Marx and Engels even feared that the middle and upper classes lacked the initiative and energy to prosecute the war and believed that the working class might have to step in to get it done. And far from fearing insurgencies, they openly rooted for the Chechen mountaineer Imam Shamil in his concurrent campaigns against the Russian Empire.
In all these positions, Marx and Engels picked their side based on their analysis of who better represents the success of democracy and revolution. In the history of the socialist movement, major figures have disagreed: Rosa Luxemburg openly contested Marx and then Lenin’s old devotion to the idea of Polish independence as being mistaken under the historical circumstances, but she did not pretend it had been the position of the International all along. Now, we live in a different epoch, and it is possible to come to other conclusions, but the debate should involve such questions. If you sincerely hope for the success of Russian arms in Ukraine, say so. If people think NATO and the EU are the greatest threats to progress in the world, they should openly make that argument. If people think passively allowing the rape of Ukraine brings us closer to socialism, by all, means make that argument so it can be disputed, but don’t hide behind a vague, general pacifism, so alien to the Marxist tradition of political analysis.

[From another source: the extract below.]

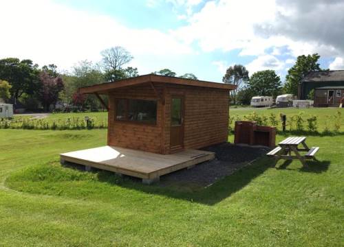 Outside there is a BBQ, cooking area, picnic table and a water point. The campsite showers and toilet facilities are close by.
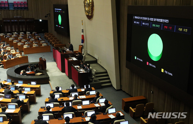 【서울=뉴시스】홍효식 기자 = 13일 오전 서울 여의도 국회에서 열린 본회의에서 액화석유가스의 안전관리 및 사업법 일부개정법률안이 재석 237인 중 찬성 236인, 반대 1인으로 통과되고 있다. 2019.03.13.

Burgis mentions the Paris Commune. But why did the Parisians revolt in the first place? It was against the proposed armistice of their government with the Prussian invaders, to continue the war of national self-defense even in the face of a fearsome siege. And, as soon as a republic returned to power in France, Marx and Engels were strongly in support of its war of national defense. Hal Draper and E. Habenkern write in Karl Marx’s Theory of War and Revolution of Marx and Engels’s “unqualifìed support of the war of the French Republic against the Prussian invasion from September 4 until the end in February 1871. They were active in the attempt to gain recognition for the new Republic by other European governments and especially the government of England. Engels’ articles were intended partly to advise its defenders.” This was on behalf of the bourgeois Government of National Self-Defense, before the working-class commune
I will set aside for a moment Burgis’s wholly inadequate treatment of COMINTERN and the Third International, which pursued its own wars and dishonorable diplomatic policies. Not to mention the Bolshevik’s Russian Civil War, which, in defense of proletarian revolution, basically sacrificed the nation’s revolutionary proletariat. In the case of the disputes within the International about the First World War, they involved arguments about what was most likely to further the cause of revolution: “revolutionary defeatism” was adopted for the sake of a concrete strategy based on a political analysis of the nature of the war and its belligerent powers. If there’s a similar case to be made today, by all means make it! It would at least be interesting reading.
Burgis and his fellows affect a condescending concern for the working-classes fighting and dying in the cause of Ukraine without even wondering if they have not taken up that cause willingly, enthusiastically, as their own. In fact, they ignore, the appeals of a Ukrainian socialist in their very own magazine, who, in the teeth of the invasion, supports the arming of Ukraine and asks his international comrades to stop fixating on US hegemony as the only question.
Burgis writes, “the best things we can do for Ukrainians are to focus on humanitarian aid, promote peace negotiations, and admit refugees.” I agree we should do the first and third, but peace negotiations happen because the belligerent powers no longer believe they can accomplish their goals militarily. The only way for that to happen is for Ukraine to prevail or at least stop the Russian advance. Otherwise, the Russians have no need to negotiate. I believe if you claim to support peace, you should support the continued success of Ukrainian arms, otherwise you are really supporting Ukraine’s conquest and despoliation, not any kind of “peace” worth the name. We now have nightmarish visions of what Russian occupation actually looks like.
I want to note one more irony here: Jacobin is named after the leaders of two wars of national liberation. The Jacobins defended their revolution fanatically in 1793, defeating and humiliating the old powers of Europe in open warfare. And Toussaint L’Ouverture, the “black Jacobin,” lead troops in the field to liberate his nation from slavery and colonialism and resisted re-invasion by imperial powers, often resorting to guerilla war in the process.
Wars are not light topics that can be dispensed of with simple formulas. I, for one, cannot imagine how the success of Russia would further the cause of democracy and socialism around the world. If you do, then say so, openly, so it can be debated in public. But don’t falsify tradition and history and hide behind pathetic slogans. To paraphrase Marx, we Marxists disdain to conceal our views and aims.